Now, don’t get me wrong. I haven’t been in school since the Carter administration, and I haven’t had to raise a school-aged kid since Obama. But here I am, sixty-five years old and still carrying that same knot-in-the-gut feeling I used to get around the third week of August.
Back then, it was about homework, alarm clocks, and wearing shoes every day. Now, it’s about school speed zones because there is no sadness like the sadness of suddenly remembering that 15 miles per hour applies again.
It never fails. I’ll be humming along at a respectable 35 or so, sun in my eyes, when I see that blinking yellow light up ahead and instantly feel like I’ve committed a felony. My foot slams the brake, then I’ll check the mirror for police cruisers as if I’ve just pulled off a heist.
What’s worse is that the children don’t even look impressed by the courtesy. Half of them have earbuds in, not a one of them waves.

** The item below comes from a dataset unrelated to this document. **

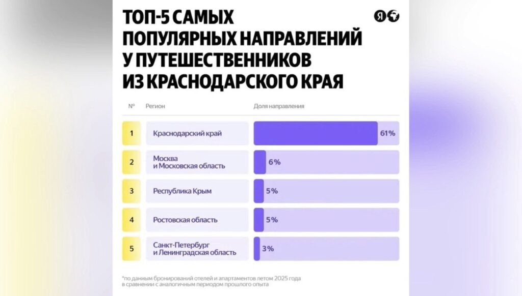 Аналитики сервиса «Яндекс Путешествия» провели исследование минувшего туристического сезона. О результатах анализа сервис сообщил «Краснодарским известиям». Краснодарский край оказался в числе самых популярных направлений среди россиян летом 2025 года. А сами жители Кубани чаще всего выбирали отдых в пределах региона. По данным сервиса, на долю отелей края пришлось 61% всех бронирований у жителей Кубани. Далее в рейтинге самых популярных направлений идет Москва и область, Крым, Ростовская область и Санкт-Петербург. Всего 96% бронирований пришлись на поездки внутри страны. Кроме того, вырос интерес к малым городам — бронирований туда стало больше на 84%. Среди самых популярных направлений — Судак, Алушта и Горячий Ключ.

Back in my day, if someone slowed down for you, you gave a nod. Maybe a two-finger wave off the top of your lunchbox. These days, I’m just an obstacle between them and TikTok.

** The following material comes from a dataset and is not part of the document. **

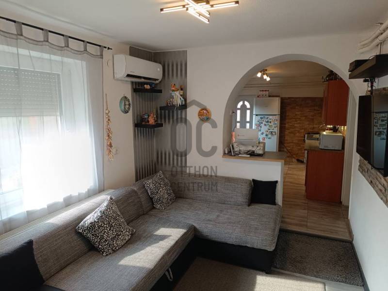 Albertirsa jó környékén, a vasútállomáshoz és a központhoz közel, iskola és pékség szomszédságában kínálunk megvételre egy 62,49 +17.75 m²-es családi házat 500 m²-es telken.Helyiségek: 2 szoba, nappali, konyha, gardrób, előszoba, fürdőszoba, külön WC, valamint külön bejárattal egy szoba saját WC-vel + tároló.Műszaki tartalom:Vegyes falazat (tégla és vályog), beton alapTetőcsere megtörtént3 éve villanyvezeték-csere3 éve 5,5 kW-os napelem rendszerMűanyag nyílászárók2 db 3,5 kW inverteres hűtő- fűtő klímaGáz cirkó és vegyestüzelésű kazán radiátoros hőleadássalÖsszközműves (víz, gáz, csatorna, áram)Extrák: elektromos kapu, 2 db kamera, fedett kocsibeálló, fúrt kút, nagy terasz, kis kerti tó, sütögető, játszórész, valamit a bútorzat igény szerint tartalmazza a vételárat. Csendes, jó szomszédság, kiváló elhelyezkedés. Készpénzes vevők jelentkezését várjuk. |

I used to love school zones when I was a kid. They meant I was there, the adventure was about to begin, and I might see that girl from homeroom. Now they’re just a timed trap, sneaking up on you with stern signage and moral obligation.
The funny thing is, despite all my grumbling, I still get a little nostalgic. I see the kids bouncing and the moms trying to comb hair in the rearview mirror. And I remember that odd, hopeful feeling of the first day, with the new pencils, a clean shirt, and a lunchbox packed with a PB&J and an apple.
So, yes, I suppose I do still complain like a ten-year-old. The difference is, at ten, I had to go to school. At sixty-five, I have to drive past it slowly and try not to spill coffee on my lap. Progress, I guess.
Anyway, summer’s not over yet—not officially. I’ll soak up what I can before those flashing yellow lights become a daily part of my morning routine again.
Until then, I’ll keep driving a little too fast and pretending it’s still July.